Последнее предложение останавливает читателя в точке ветвления смыслов, чреватой их разрушением или новой самоорганизацией. «Намаз» несет читателю ауру целостного мусульманского мира, и если она не коснется восприятия и понимания, рассказ будет выглядеть почти анекдотическим случаем. «Детскость» картины мира способна затронуть восприятие большинства читателей: осознанные или ушедшие в подсознание чувства и эмоции собственного детства сохраняют неясные образы личной памяти, из которых можно смонтировать и прошлое, и будущее. Диалектическое единство разных миров открывает для читательского восприятия многомерность и непредсказуемость жизни и способно вызвать развертывание смыслов рассказа в «послевкусии» текста. Метафизические и мифологические «блики» образов и смыслов трудноуловимы, но создают простор для интуиции и воображения читателя.

В поисках связующих человечество общностей, выхода из оппозиции миров к общечеловеческим смыслам написан рассказ Сухбата Афлатуни «Проснуться в Ташкенте», который последовательно мифологизирует описываемую действительность. Такой тип преобразования жизненной реальности присущ большинству произведений С. Афлатуни, в каком бы жанре прозы он ни работал. На протяжении всего творческого пути писатель создает художественные миры, сопряженные с переосмыслением этнокультурных, религиозных и мифологических пра-образов.

В названии рассказа вводится одна из основных мифологем: временной смерти, равной возрождению.
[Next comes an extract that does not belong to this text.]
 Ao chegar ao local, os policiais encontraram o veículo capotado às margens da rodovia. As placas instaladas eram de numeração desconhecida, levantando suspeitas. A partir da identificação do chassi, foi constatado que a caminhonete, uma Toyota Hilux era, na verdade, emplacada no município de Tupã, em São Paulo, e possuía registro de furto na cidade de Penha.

Сон и пробуждение – лейтмотивы, исходящие из этой мифологемы, которые озвучивают глагол «проснуться» модальностью недействительности. Реальный город Ташкент сначала предстает как феномен чувственного созерцания, а потом становится Городом-Миром, амбивалентно способным провалиться в хтоническое подземелье и стать землей обетованной.

Ташкент, названный или неназванный, – место действия и «действующее лицо» многих произведений Афлатуни, а вот этническое полукровство и размышления о нем существуют только в рассказе «Проснуться в Ташкенте». «“… Вот сам скажи, ты узбек?” “Да”. “Или ты еврей?”. “Да”, – кивал я. “Так нельзя, – морщился Шишка, – человек должен быть чем-то одним. Нельзя быть одновременно мужчиной и женщиной, христианином и буддистом…” “Эллином и иудеем”, – добавлял я.
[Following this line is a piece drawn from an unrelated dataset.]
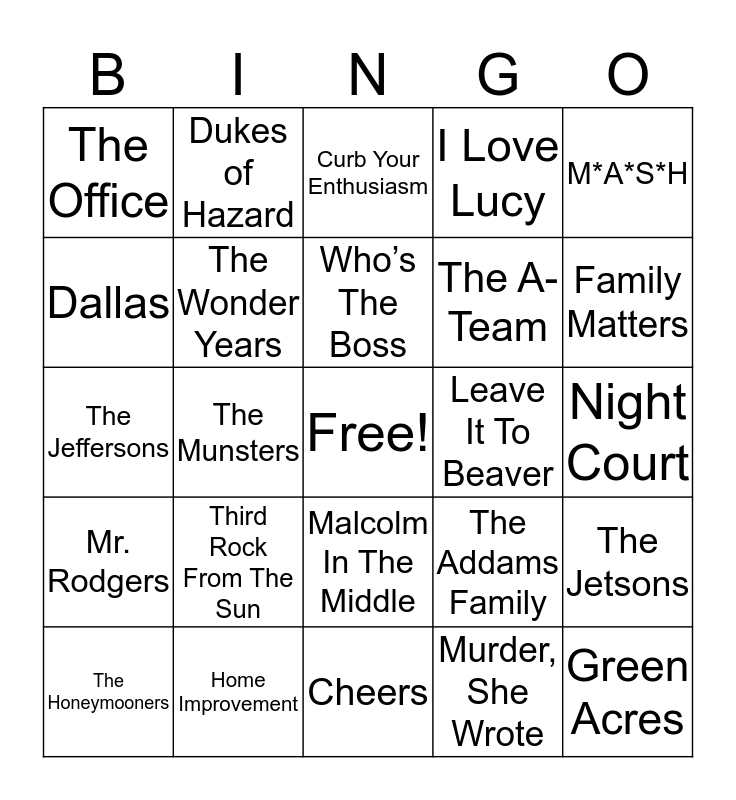 This bingo card has a free space and 27 words: The Addams Family, King Of The Hill, The A-Team, Cheers, Dallas, Curb Your Enthusiasm, Dukes of Hazard, Mr. Rodgers, Leave It To Beaver, The Jetsons, The Jeffersons, I Love Lucy, The Honeymooners, Home Improvement, Family Matters, The X Files, The Wonder Years, Who’s The Boss, Third Rock From The Sun, The Office, Night Court, Murder, She Wrote, The Munsters, Green Acres, Malcolm In The Middle, M*A*S*H and All In The Family.

…А я и сам не знал, кто я. То ли еврей, скрывающийся за узбекской фамилией, то ли узбек, скрывающийся за еврейской внешностью. Продукт советской межнациональной алхимии, шагающий теперь по нагретому от трения стольких религий городу». [13]
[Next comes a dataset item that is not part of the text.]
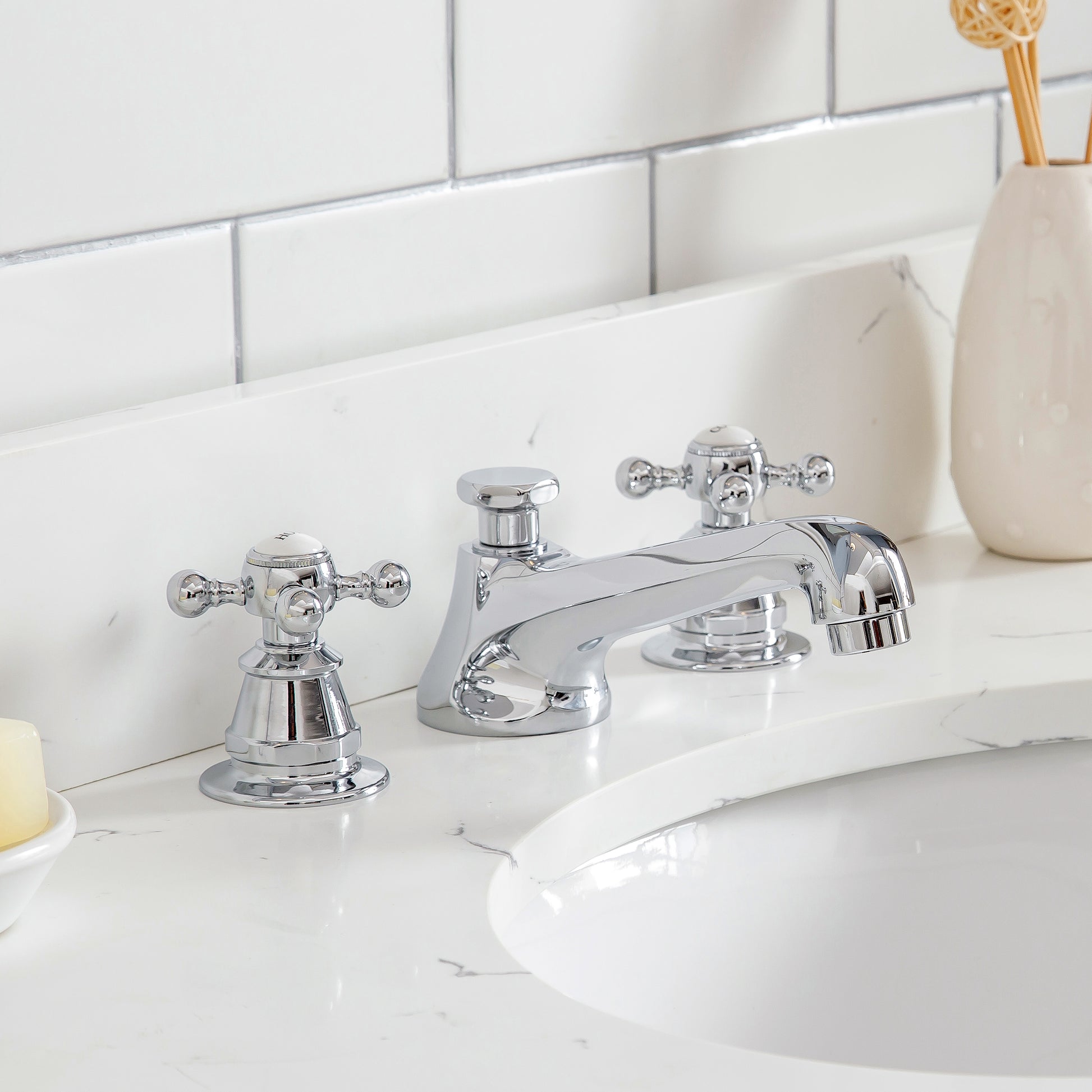 Classic Widespread Lavatory F2-0009 Faucets, Pop-Up Drain in Chrome Finish With Metal Cross Handles

Вопрос об этническом самоопределении в диалоге с израильским другом, бывшим ташкентским одноклассником, вызывает у рассказчика позитивные ответы: «да» и «да» (в отличие от возможных «нет» и «нет»). Собственное «полукровство» принимается им как данность; размышления появляются из-за сдвига места действия, которое перемещается в момент диалога в Иерусалим.

Упоминание самых известных слов из Послания апостола Павла к Колоссянам – «эллин и иудей» – вводит дополнительные векторы ассоциативных смыслов. Религиозный смысл той части христианского послания, в которой утверждается равенство язычников и монотеистов перед новой верой, прирастает общечеловеческим желанием упразднить любые противопоставления.

Новозаветные слова проверяют на прочность обыденный здравый смысл, укорененный в жизненной реальности. Здравомыслию не удастся выдержать испытание: носитель такого типа сознания, друг рассказчика по имени Шишка, в конце концов, просто ускользнет от норм и правил своего мира в пустыню, став вместе с украденным еврейским сыном странником среди арабов-бедуинов.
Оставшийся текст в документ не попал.